Single validator instance per application. Having the ability to separate maybe 2 instance of validator makes sense. Considering that there could be clash of instances between packages. Also maybe I want to pass the validate instance outside of my package and others to use it.
I agree 100%. There are things about this implementation that I think could be better, but this is the only thing I consider a big mistake. The main objective for v2.0 is to correct that design flaw.
Would love to have this instanced support! I'd love to support if I can, is there any plans/proposals for this v2.0 design? Otherwise, happy to put one together.
Thanks for the offer. I have been working on this, but my attention keeps getting pulled to other things. I'll create a discussion with my vision for 2.0 and what I've done so far. We can continue the discussion there.
@hysmio https://github.com/hyperjump-io/json-schema/discussions/80
I deliberately chose not to provide this function. I'm aware it's confusing for people coming from ajv, but I think it promotes good practice. Ephemeral or anonymous schemas don't come up much in the real world...

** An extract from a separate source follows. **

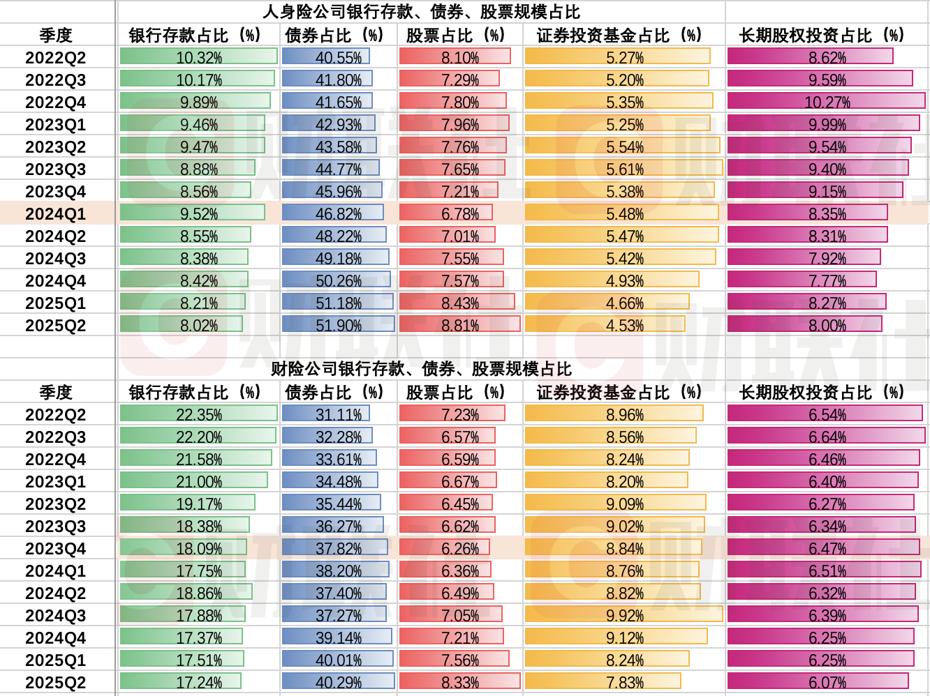 面对整体资产收益率下降的挑战,身处低利率叠加资产荒环境的保险公司资产负债匹配诉求愈发强烈,也倒逼险资加速重构资产底仓。据财联社记者调研了解,在政策引导下,保险公司正加码权益配置,着力增配股票,银行存款和以非标为主的其它类资产则有所减配。

Just wanted to point out that this makes some pretty big assumptions about how people are using json schemas. For instance, ESLint's rule options are built around the json schema spec. Rule authors define the schema for their rules as part of the rule meta data. And ESLint, as part of parsing a user's eslint.config has to validate that the options that a user has defined in their config, conforms to whatever schema the rule author of that plugin has defined. So, it's completely dymanic, and there are no consistent URIs. https://eslint.org/docs/latest/extend/custom-rules#options-schemas Currently ESLint uses ajv to do the validation. So, just calling out that, maybe there are use cases that you haven't considered when making that design choice?

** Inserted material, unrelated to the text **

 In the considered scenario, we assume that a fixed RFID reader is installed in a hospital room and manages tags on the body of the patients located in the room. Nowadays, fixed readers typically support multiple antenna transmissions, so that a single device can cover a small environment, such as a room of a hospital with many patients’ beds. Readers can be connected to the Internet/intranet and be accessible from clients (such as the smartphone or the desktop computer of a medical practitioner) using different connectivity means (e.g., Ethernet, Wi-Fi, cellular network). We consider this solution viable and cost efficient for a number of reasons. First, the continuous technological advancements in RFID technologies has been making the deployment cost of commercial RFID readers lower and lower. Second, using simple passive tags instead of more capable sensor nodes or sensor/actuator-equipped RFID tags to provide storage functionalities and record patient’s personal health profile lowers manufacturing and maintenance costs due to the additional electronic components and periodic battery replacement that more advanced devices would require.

@michaelfaith Thanks for sharing your perspective. I'm sure there are exceptions. In those cases, you can always make a temporary identifier like I demonstrated in the comment you're quoting from. (Remember that the URI doesn't need to be hosted anywhere. It's just a string in the shape of a URI.) You have to write a little more code or use that helper function I shared. I'd rather not include that helper function in the API because I expect it will be naively used in cases where it shouldn't. I'd rather people need to write a little more code in exceptional use cases than compromise the promotion of good schema management.
Specifically in the ESLint case, I'd ague that it's not ideal to have a schema embedded in the config in that way. When schemas are their own document, there a lot of development and automation tools you can take advantage of like schema validation, autocomplete, syntax highlighting, linting, etc. You loose all of those benefits when you bury the schema in code. The trade-offs are similar to constructing SQL statements in strings embedded in your code. It can be error prone and difficult to detect errors before they're blowing up your application.
I would suggest that instead of an embedded schema, the config could take a path to a separate schema document or just have a well-known file name it looks for automatically. That's something this library handles well and you don't need any fake identifiers. Of course, changing the way the config works probably isn't an option or at least would be very slow to change. And maybe the approach I suggest doesn't work for some reason that I'm not aware of because I don't know that system in detail. I still want to nudge in the direction of this kind of approach being the first choice and embedding only being used if a thorough analysis of the trade-offs reveals that it's a better choice.